PROBLEM REQUIREMENTS:
Each line below from the line with "Brushed Gold (Brushed" to the line with "Vendo per cambio" must be copied exactly, including those two, and no picture may appear in the copy.

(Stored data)
- - -

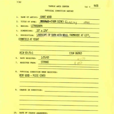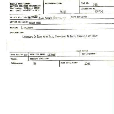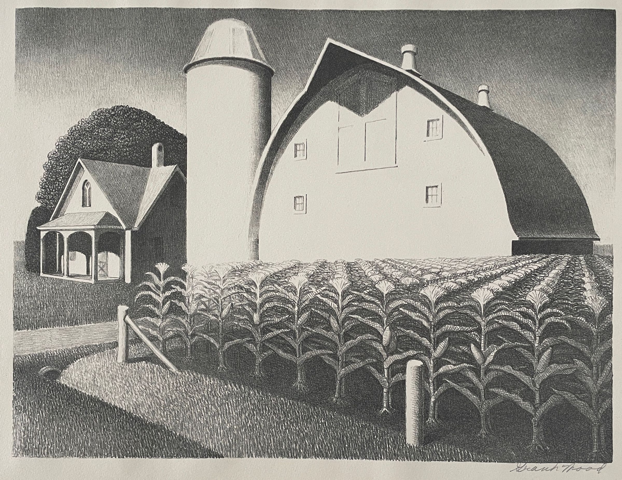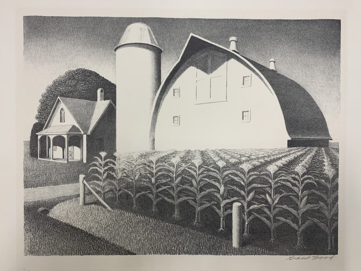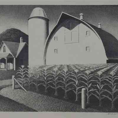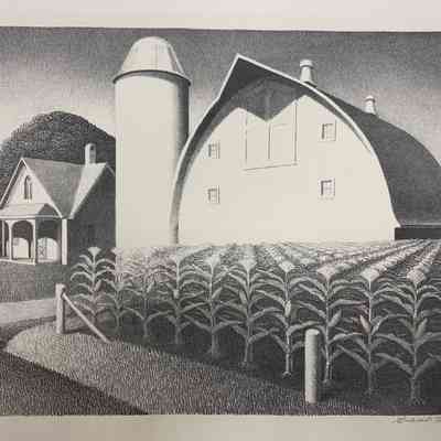 Landscape of barn with silo- farmhouse at left- corn field at right. Circulated by Associated American Artists.Collection
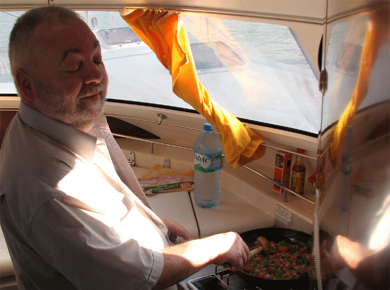 Késő délután visszahajóztunk és a kikitő mellett horgonyt dobtunk. Közkívánatra ismát karibi rákot főztem, másik fogásnak meg olaszos spagettit. Nem votl panasz :-) |
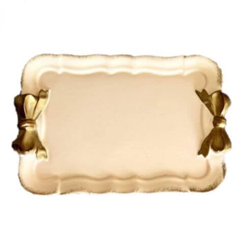 | ゴールドのコンビネーションとリボンデザインのかわいいトレイです。ティーカップを2客運ぶのにちょうど良いサイズです。プリンセスなデザインはドレッサーやパウダールームにもぴったり。程よい重さで、高級感があります。樹脂製です。 |
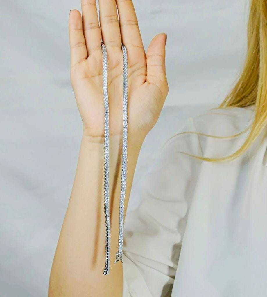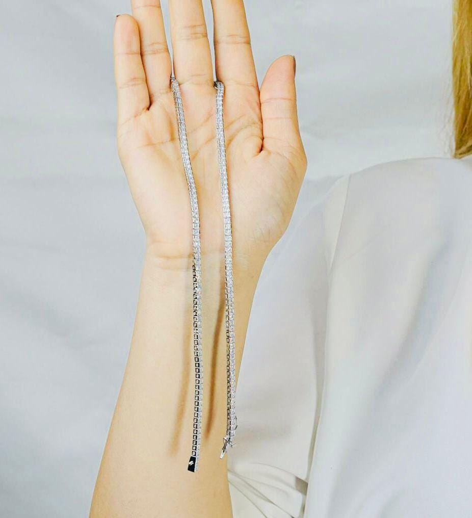 925 Sterling Silver Tennis Necklace – Square Diamond Style Chain, 50 cm, 4 mm
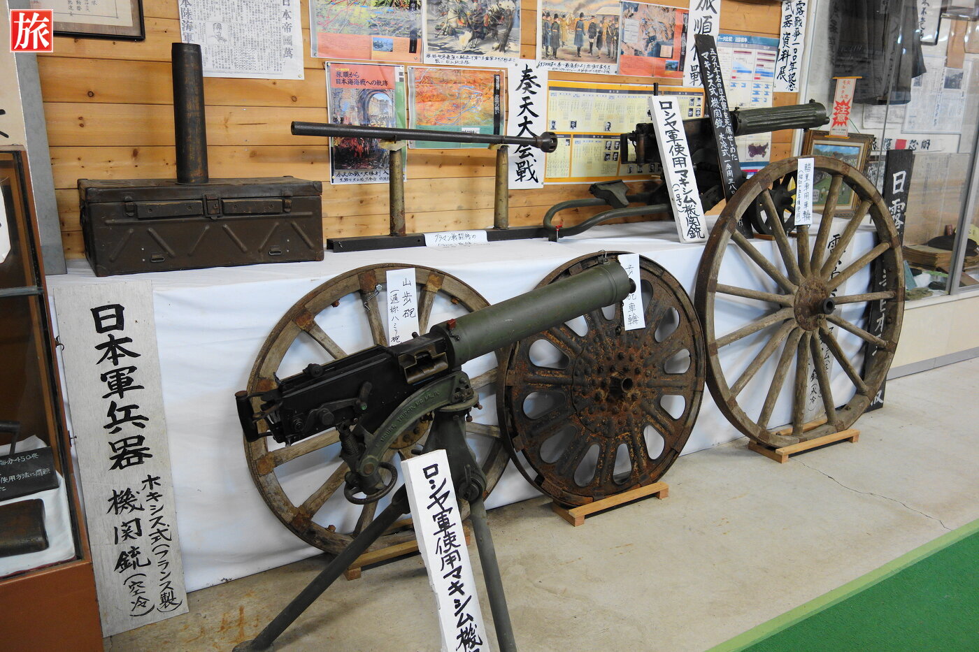 ロシア軍使用マキシム機関銃。日本新聞。陸軍館内の様子。
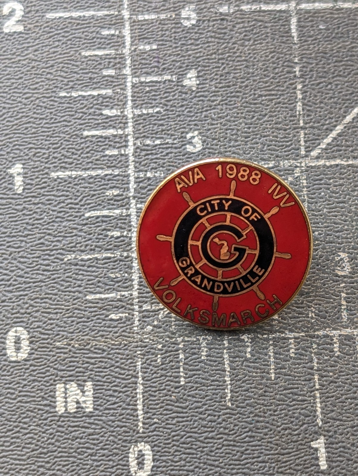 1988 Grandville Michigan Pin AVA IVV Volksmarch Gold Tone Enamel Pin
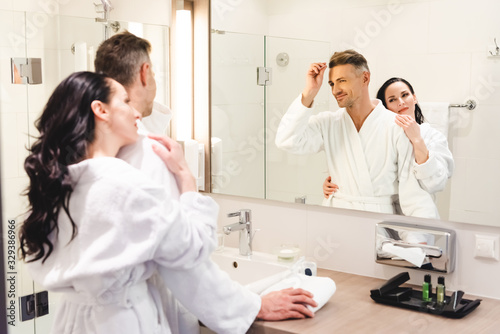 selective focus of boyfriend combing hair and smiling girlfriend hugging him in hotel
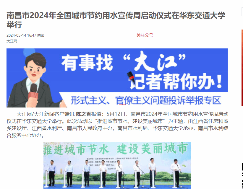 5月12日,南昌市2024年全國城市節約用水宣傳周啟動儀式在華東交通大學舉行。此次活動以“推進城市節水,建設美麗城市”為主題,由江西省住房和城鄉建設廳、江西省水利廳、南昌市人民政府主辦,南昌市水利局、華東交通大學承辦,南昌市水利綜合服務中心協辦。
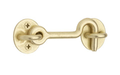 4" Brushed Gold (Brushed Brass) Privacy Hook. Designed for interior barn door hardware. Adds a privacy function to any sliding door hardware door. Includes fasteners. Sold as a single hook and pad. Includes four flat head phillips screws. National Hardware model N700-154. -
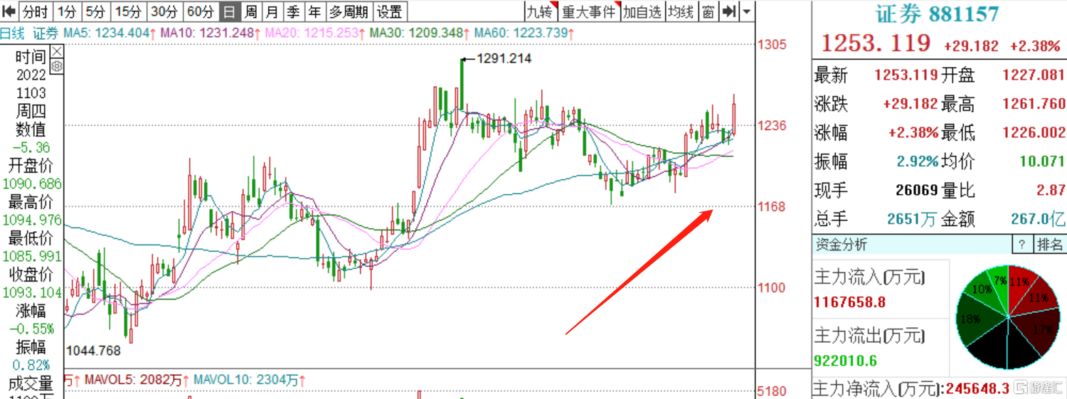 拉长时间维度来看,同花顺证券指数近期处于持续上涨的态势中。
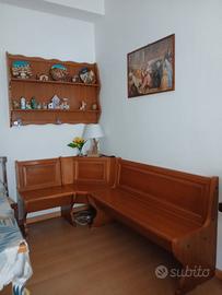 Vendo per cambio arredamento panca ad angolo con tavolo e piattaia in legno, ottimo stato. Le misure sono nelle foto.
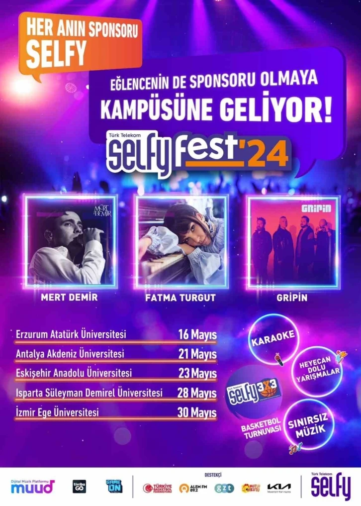 Türk Telekom’un gençlik markası Selfy, özgür ve keyifli dünyasını müzik ve sporla üniversite kampüslerine taşıyor. ‘Her Anın Sponsoru Selfy Kampüste’ konseptiyle 16-30 Mayıs tarihleri arasında üniversitelerde; konserler, Selfy3X3 Basketbol Turnuvası, çeşitli yarışmalar ve birbirinden renkli aktiviteler düzenlenecek. Türk Telekom’un gençlik markası Selfy, birbirinden özel etkinlikleri öğrencilerle buluşturmayı sürdürüyor. ‘Her Anın Sponsoru Selfy Kampüste’ konseptiyle düzenlenen Türk Telekom Selfy Fest’24; bu yıl 16-30 Mayıs tarihleri arasında Erzurum, Antalya, Eskişehir, Isparta ve İzmir’de gerçekleştirilecek. Festival kapsamında; Mert Demir, Fatma Turgut ve Gripin sevilen şarkılarını üniversitelilerle birlikte seslendirecek. Festivalde DJ performanslarının yanı sıra, üniversite kulüplerinin müzik grupları da ana sahnede performanslarını sergileme fırsatı yakalayacak. Yüz binlerce öğrencinin katılacağı festival, konserler, basketbol müsabakaları, oyun turnuvaları, sürpriz hediyeli yarışmalar ve birbirinden heyecanlı aktivitelere sahne olacak. Üniversitelerin en iyi basketbolcuları Selfy3X3’te sahne alacak
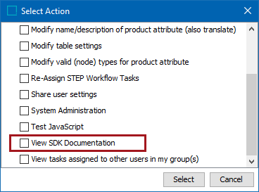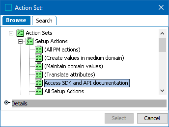 - Select the action set that grants access to the SDK and API documentation, click Select, and then in the Add Privilege Rule dialog click Save.
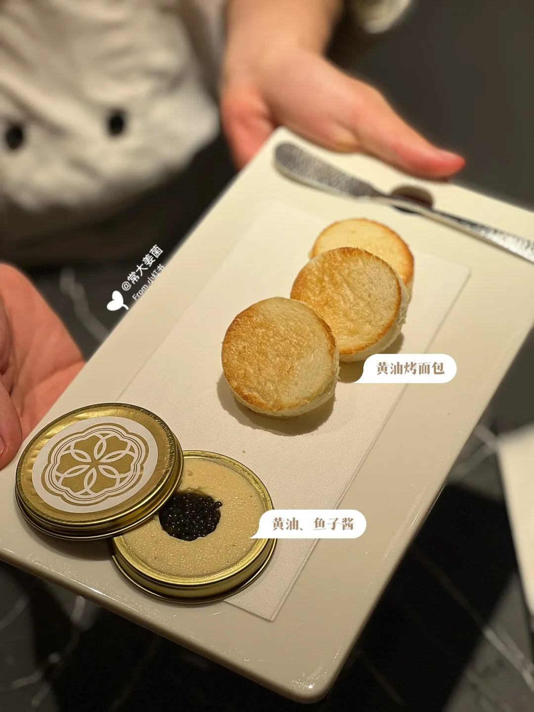 第一道菜,黄油抹在面包上点缀几颗鱼子酱,中规中矩~
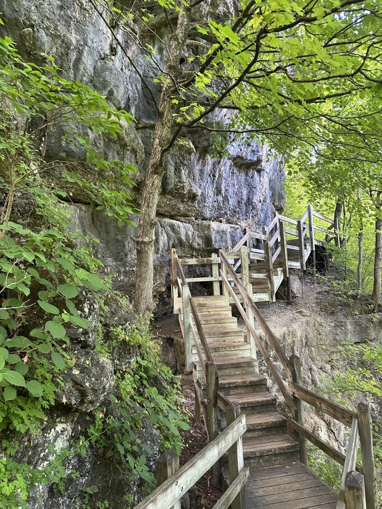 - Devil’s Kitchen Trail (1.40 miles) → Travels through sinkholes and steep bluffs.

- - -

ANSWER FOR THIS EXERCISE:
 4" Brushed Gold (Brushed Brass) Privacy Hook. Designed for interior barn door hardware. Adds a privacy function to any sliding door hardware door. Includes fasteners. Sold as a single hook and pad. Includes four flat head phillips screws. National Hardware model N700-154. -
 拉长时间维度来看,同花顺证券指数近期处于持续上涨的态势中。
 Vendo per cambio arredamento panca ad angolo con tavolo e piattaia in legno, ottimo stato. Le misure sono nelle foto.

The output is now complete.